Following our post about Hadoop security for the enterprise, or the lack thereof, one of the ways to make Hadoop more secure is to add a security framework to the mix. Five major Hadoop security projects are currently available: Apache Knox Gateway, Apache Sentry, Apache Argus, Apache Accumulo and Project Rhino. Let’s see what they do.
Apache Knox Gateway
While other projects attempt to improve Hadoop’s security from the inside, Apache Knox Gateway tries to do it from the outside. Apache Knox Gateway creates a security perimeter between Hadoop and the rest of the world by providing a REST API gateway for interacting with Hadoop clusters.
All communication with Hadoop is done via Knox Gateway, which controls and moderates it. Knox includes the following features: LDAP and Active Directory integration, support for identity federation based on HTTP headers, and service-level authorization and auditing.

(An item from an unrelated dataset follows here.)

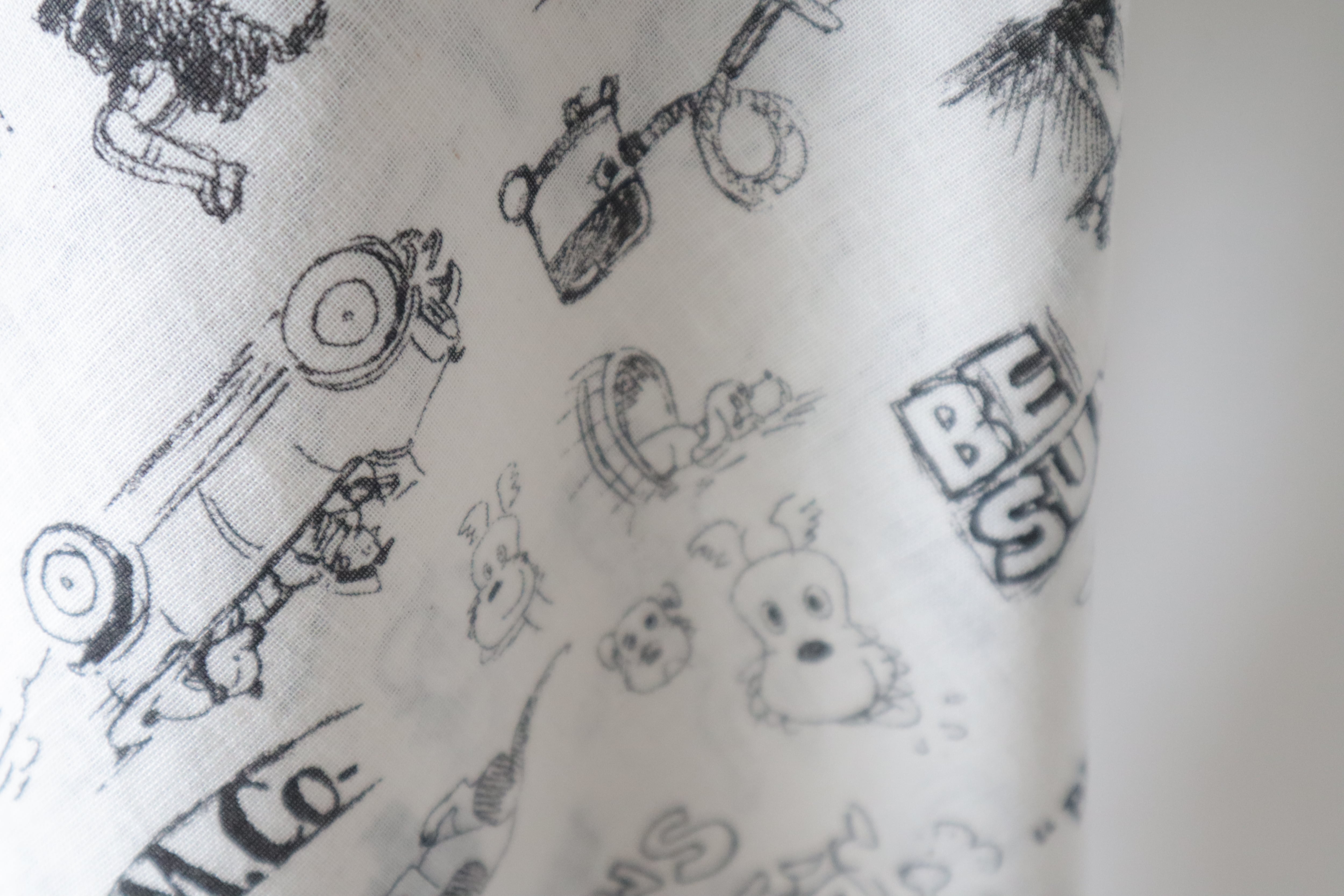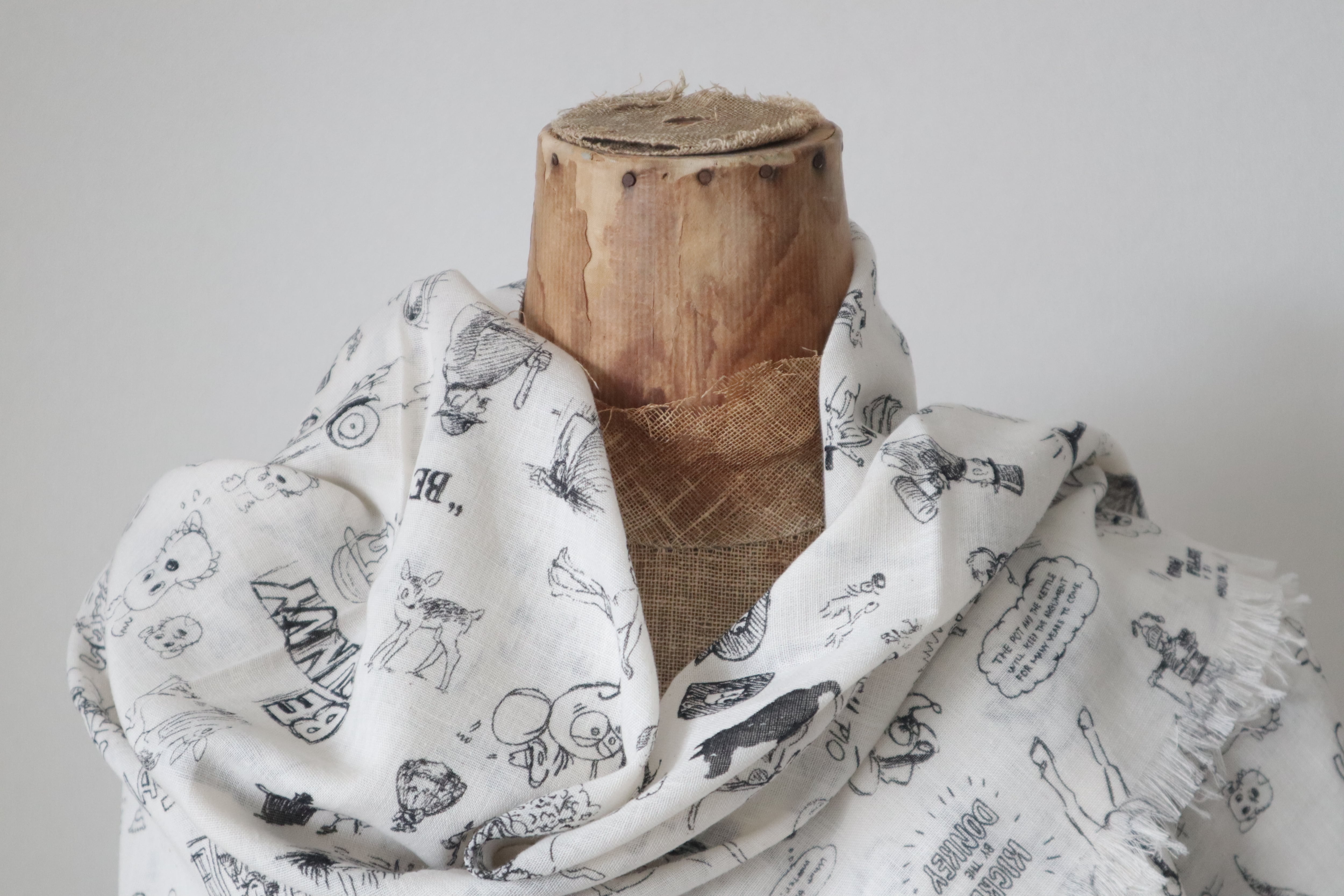 サニージムやロバや犬が楽しそうにラフに描かれたコットンガーゼ素材のGRAFFITI GAUZE SHAWLです。軽やかで柔らかな肌触りで、季節を問わず活躍します。

Knox sounds like a great security solution for the enterprise. It integrates with identity management frameworks and hides Hadoop hosts and ports behind it. This also simplifies Hadoop access: Instead of connecting to different Hadoop clusters, which all have different security policies, Knox becomes the single entry point for all the Hadoop clusters in the organization.
This project is backed by Hortonworks and runs as a server or a cluster of servers.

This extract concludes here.